Boulder rolling in Dark Reading

Posted by

My BSides Cleveland talk got some attention, and was part of a Dark Reading article on risk management. Check out 4 Reasons Why IT Security Needs Risk Management, also available as a PDF on my Press page.

“Traditional IT security has what I think of as a Sisyphus complex,” says J. Wolfgang Goerlich, information systems and security manager for a Midwest financial services firm. “Every day, we roll the boulders up hill. We leave with as many systems, or boulders, secure as possible at the top of the hill. Overnight, new attacks are formed and new vulnerabilities are released. The next morning, some systems are insecure again, and we start again rolling boulders back up hill.”

According to Goerlich and many of his peers, if security organizations are to evolve past that daily toil and affect meaningful change on their respective businesses, they need to embed risk management principles in their decision-making framework. “Moreover, rolling the boulder isn’t the goal of security, but rather the goal is securing the ability of the organization to accomplish its mission,” he says. “Risk management is an important technique that focuses security efforts on the organization’s mission and prioritizes efforts on critical systems.”

But what is important to the organization? What value does any given piece of technology deliver to the organization’s mission? To answer these questions, we have to step back first.

The first step in building an effective security program is aligning with executive management and tying security tasks back to business objectives. Once that is done, we can move on to building a ITGRC function (IT governance, risk, and compliance). But executive sponsorship is key, otherwise, it will be extremely difficult to get feedback and support from the business units. The importance of this support cannot be overstated. Pierluigi Stella, CTO, Network Box USA, says: “Proper risk management is done when IT is only the project manager but every single business unit contributes its own knowledge to the process; and this needs to start from the top, from the C levels.”

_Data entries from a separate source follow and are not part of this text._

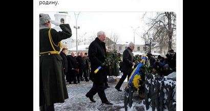Николай Азаров на своей странице разместил фото, на котором он пафосно возлагает цветы к памятнику в окружении почетного караула, а рядом с них Владимир Литвин. В посте он написал, что 15 февраля отмечается день чествования участников боевых действий на территории других государств. Далее он начал писать, что он склоняет голову перед теми, кто ее сложил.
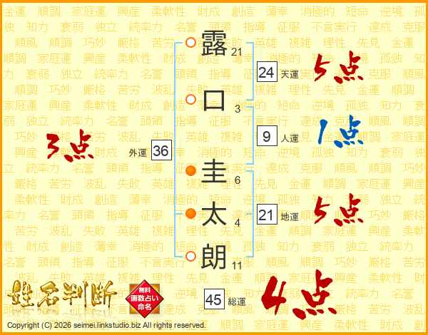 露口圭太朗さんの総運は45画の4点!
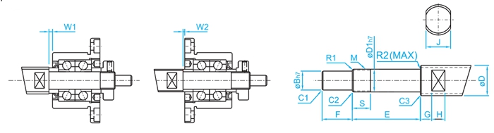 适用轴干外径 | D1 | B | E | F | M | S | J | G | H | 倒角 | 圆角 |
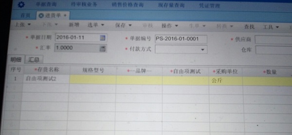 库存业务单据的自由项是必录不受控。不能修改。库存必须录入自由项内容。
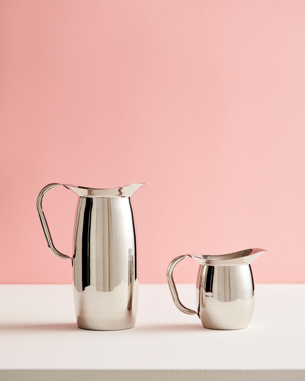 Featuring a slim handle and wide-rimmed spout for easy pouring, HAY’s Indian Steel Pitcher offers an uncluttered yet functional design. Made in India from stainless steel with a shiny silver surface.
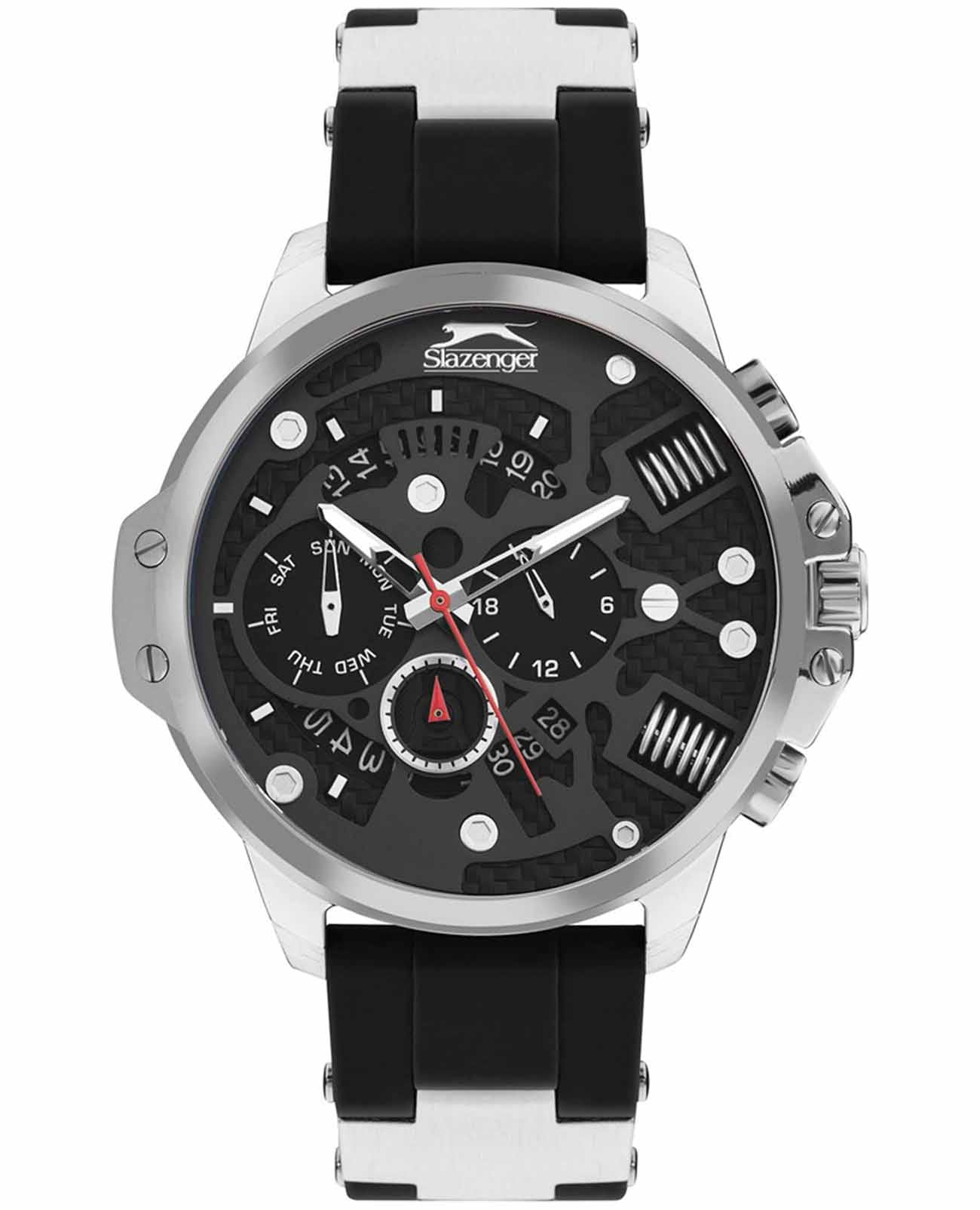 Часы Slazenger SL.09.2212.2.01 представляют собой стильный и функциональный аксессуар, созданный для современных мужчин, ценящих качество и надежность. Они оснащены кварцевым механизмом, который обеспечивает точность хода и минимальную необходимость в обслуживании. Люминесцентное покрытиеЛюминесцентное покрытиеПозволяет считывать показания времени в темноте. Производители наносят на стрелки, часовые индексы, безель или поверхность циферблата светонакопительный состав, дающий холодное свечение. на стрелках и метках обеспечивает отличную видимость в темноте. Благодаря водозащите уровня WR 50 (5 ATM), эти часы отлично справляются с воздействием влаги, что делает их подходящими для повседневного ношения и активного образа жизни. Минеральное стеклоМинеральное стеклоМинеральное стекло представляет собой искусственно выращенный минерал кварца. Такое стекло отличается особой устойчивостью к повреждениям и царапинам. Уступает по некоторым качествам сапфировому стеклу. защищает циферблат от царапин и повреждений, гарантируя долгий срок службы. Корпус часов диаметром 47 мм и толщиной 13 мм выполнен из прочного суперметалла, что придаёт им стильный и современный вид. Силиконовый черный браслет, дополненный элементами из суперметалла, обеспечивает комфорт при носке и надёжно фиксирует часы на запястье, а его размеры (22-20 мм) подходят для большинства мужчин. Часы оснащены рядом полезных функций, таких как индикация даты, дня недели и 24-часовой указатель времени, что делает их не только стильным, но и практичным аксессуаром. Вес модели составляет 110 г, что делает их лёгкими и удобными для ежедневного ношения.
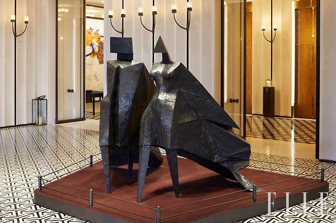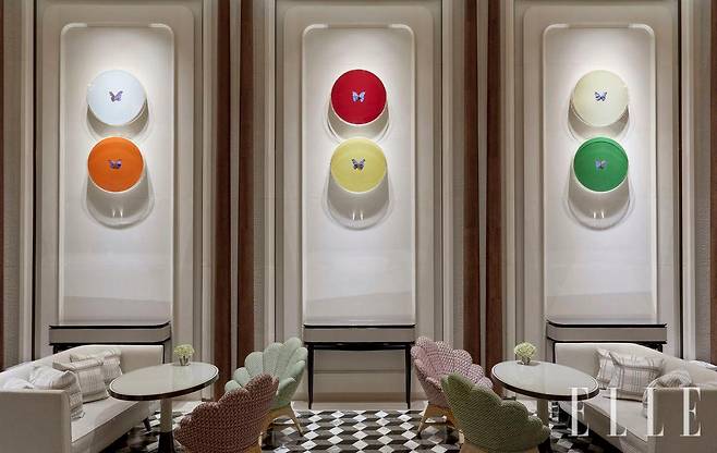 “어른이 되면서 잃어 버리는 것 중 가장 소중한 것은 경이로움을 느끼는 능력 같아요. 홍콩의 가장 강력한 문화적 상징인 ‘복(福)’, 번영을 상징하는 숫자 ‘8’, 붉은 색, 용 을 여덟 살 아이의 눈으로 다시 보고 싶었습니다. 가장 직관적이고 단순한 눈으로 말이에요.” 프랭키는 자신의 어린시절 상상력을 길러준 영화 〈피트의 드래곤〉 〈고스트 버스터즈〉 〈백 투 더 퓨처〉, 책 〈괴물들이 사는 나라〉 등의 문화 코드를 결합해 ‘러키 드래곤’을 완성했다고 덧붙였다. 이 밖에도 로즈우드 홍콩에선 눈길 닿는 곳마다 방대한 아트 컬렉션과 마주할 수 있다. 로비에선 린 채드윅의 ‘Pair of Walking Figures– Jubilee’(1977)가 반겼고, 애프터눈 티 플레이스인 ‘더 버터플라이 룸’에 들어서면 데미언 허스트의 ‘Zodiac’ 콜렉션이 한쪽 벽에 가득했다.
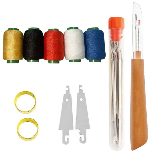 Leather Upholstery Repair Sewing Kit with 12 Colors Waxed Thread Heavy Duty Sewing Needles Awls for Shoes Sofa Carpet Repair
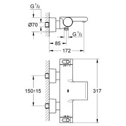 Grohtherm 2000 Thermostatic bath/shower mixer 1/2″
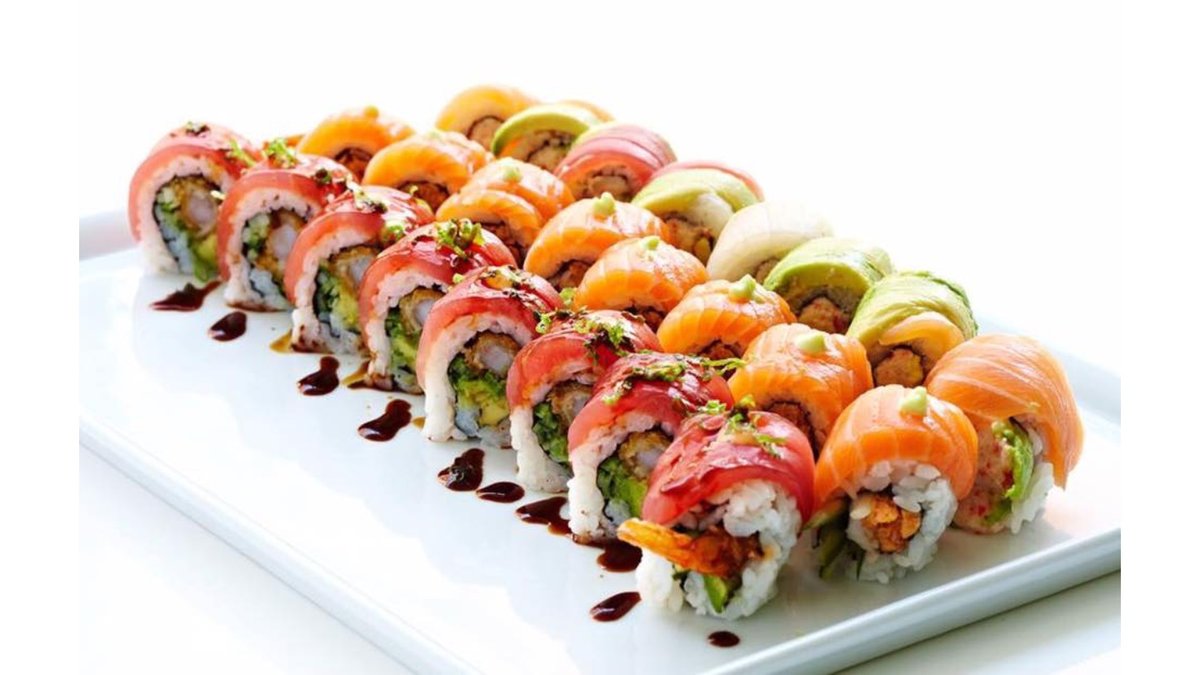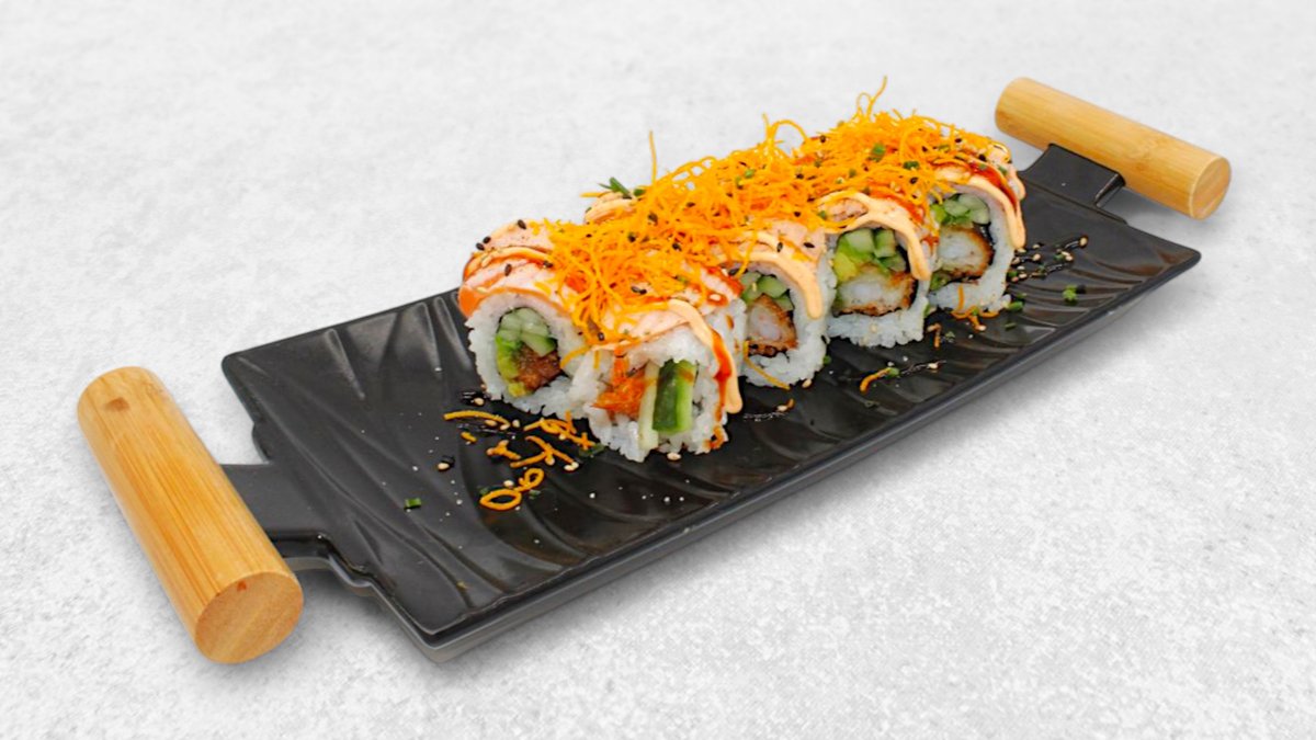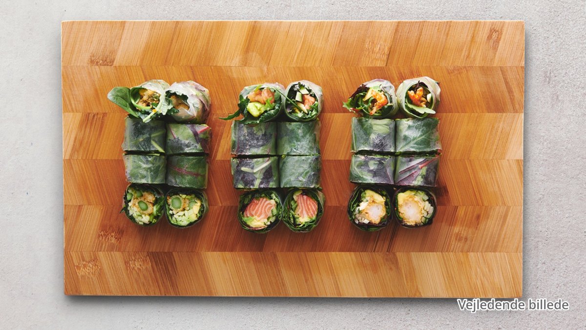Uramaki: 8 x California 8 x tempura-reje 8 x tempura-kylling Kaburimaki: 8 x Rainbow
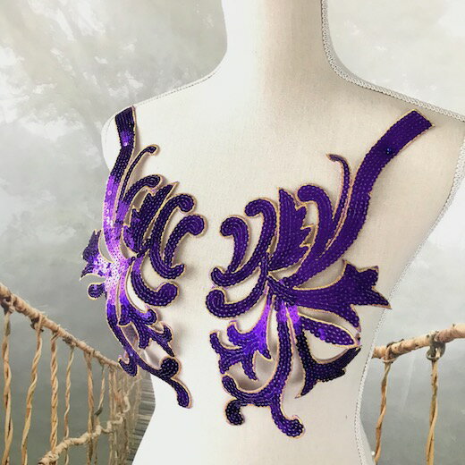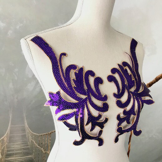サイズ:H33cm W15cm カラー:パープル・ゴールド 左右セット アイロン接着できます。
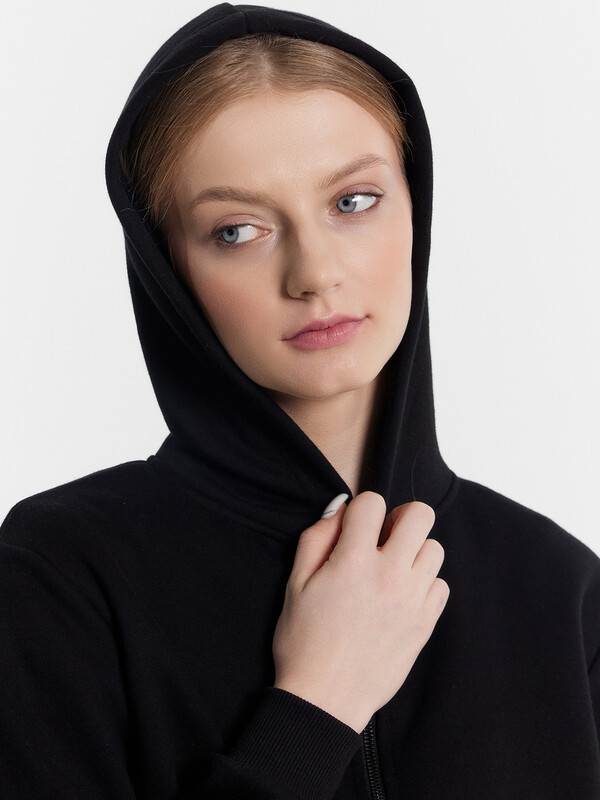 Спортивная женская толстовка из футера с теплым и нежным подчесом. Свободный силуэт, вырез круглой формы, слегка спущенная линия плеча, длинные рукава на манжетах. Уютный капюшон будет полезным для занятий бегом по утрам. Спереди застегивается на центральную застежку-молнию. Благодаря составу ткани, специальному крою и конструкции, толстовка идеально подходит для спортивных занятий – не сковывает движений и не натирает, а ткань отлично отводит влагу, гипоаллергенна и воздухопроницаема.
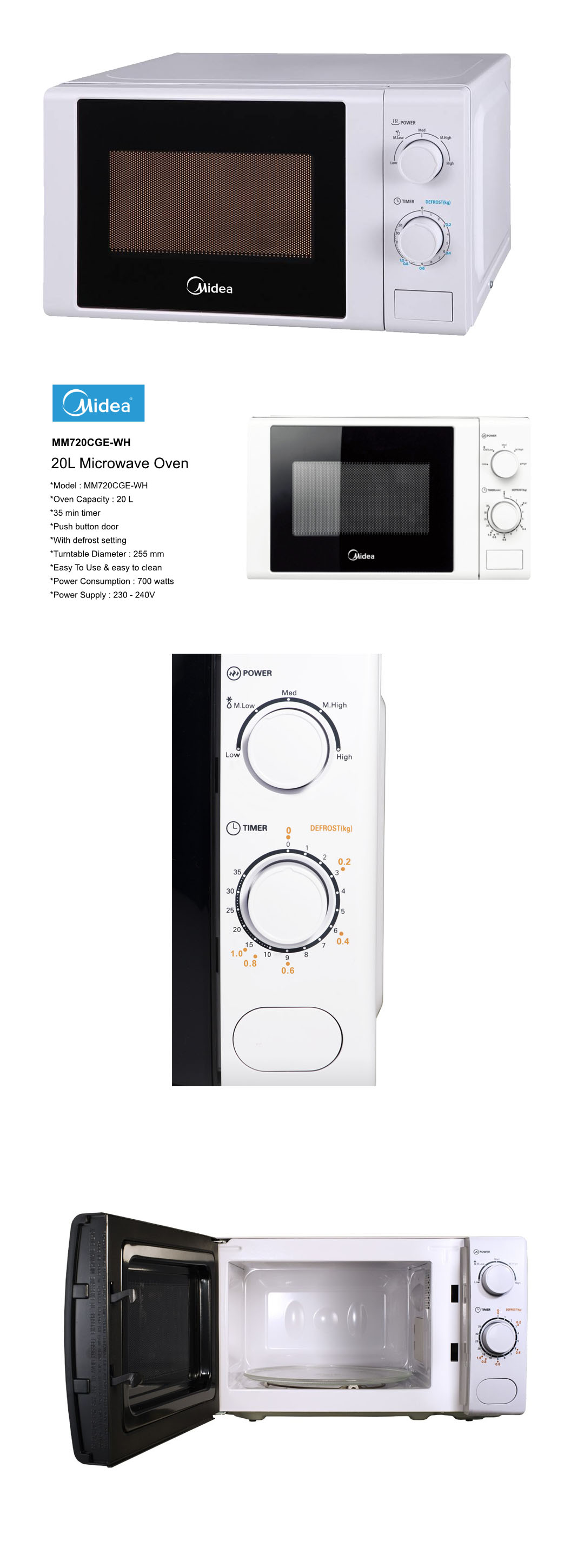 Midea 20L Microwave Oven MM720CGE-WH | Push Button Door | 5 Power Level | Defrost Setting | 35mins Timer | Output Power : 650 - 700W | Microwave with 1 Year Warranty
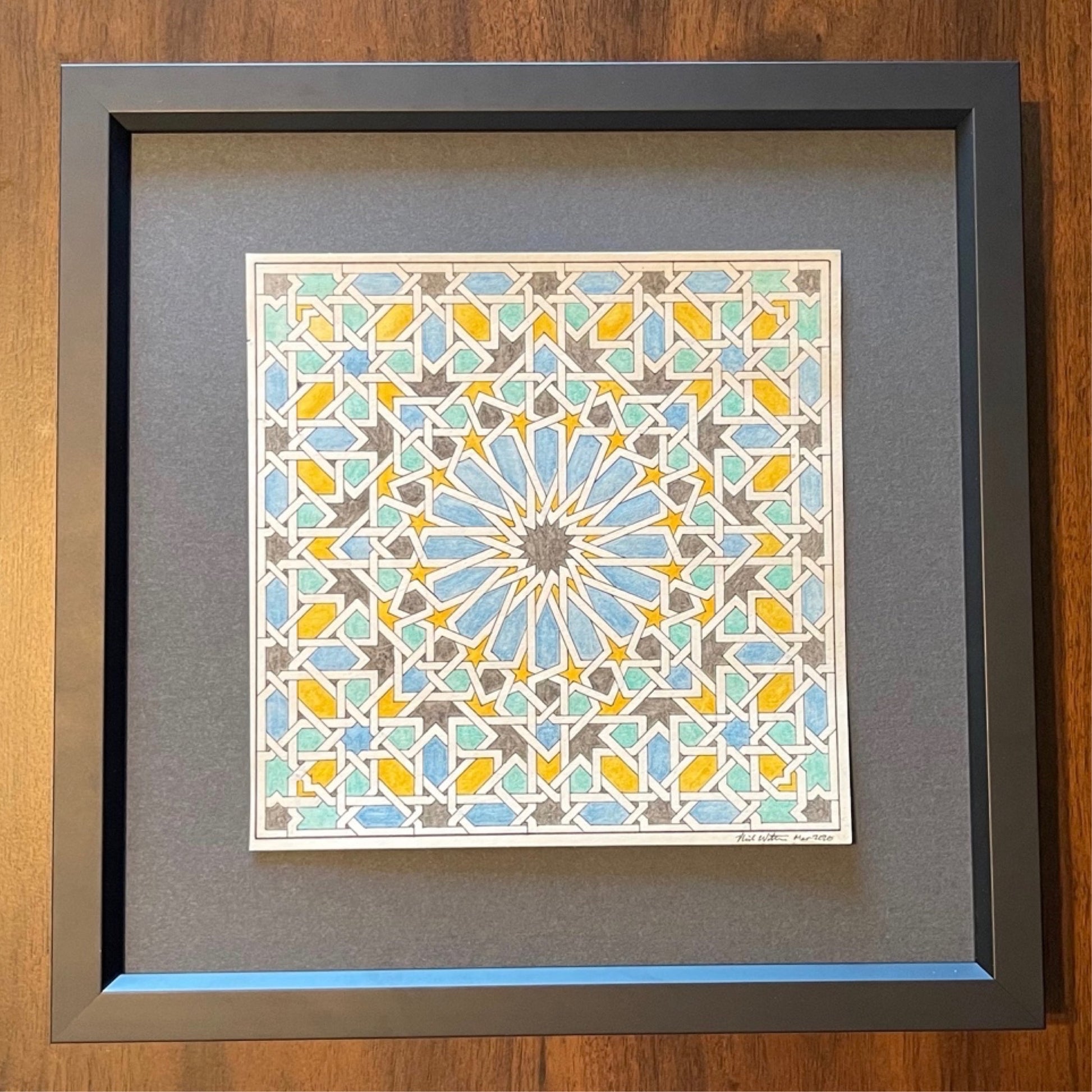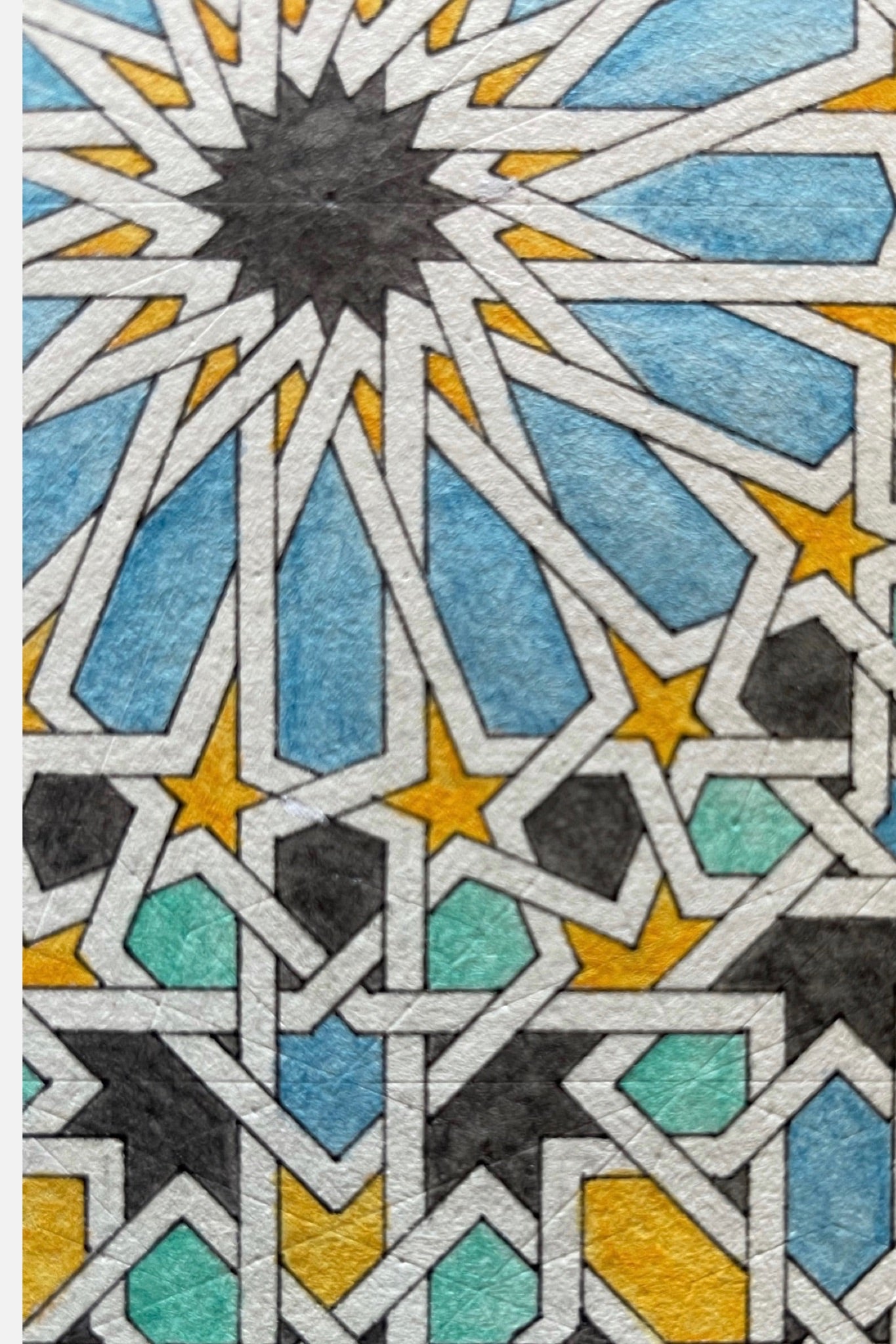 The magnificent Alhambra palace in Granada, Spain is considered by many to be one of the pinnacles of Islamic decorative art. My visit there in 2019 inspired me to reproduce this exquisite pattern from the Torre de la Cautiva (Tower of the Captives). I named it "Alhambra I" because I am sure I will tackle other patterns from my hundreds of photos in the future.

It is all part of building a mature information security program. For my full thoughts on building such a program, you can watch my BSides Cleveland Naked Boulder Rolling talk.

Remediating IT vulnerabilities

Posted by

You might say that InfoSec risk management is effectively asset management, threat management, and vulnerability management. What do we have? Who would want to attack it? And what attack vector would they use? The prioritization of fixing or mitigating the vulnerabilities is based on business impact. That is, a measure of how such an attack would affect an employee’s productivity and an organization’s mission. The following article gives a good overview of the vulnerability side of the process.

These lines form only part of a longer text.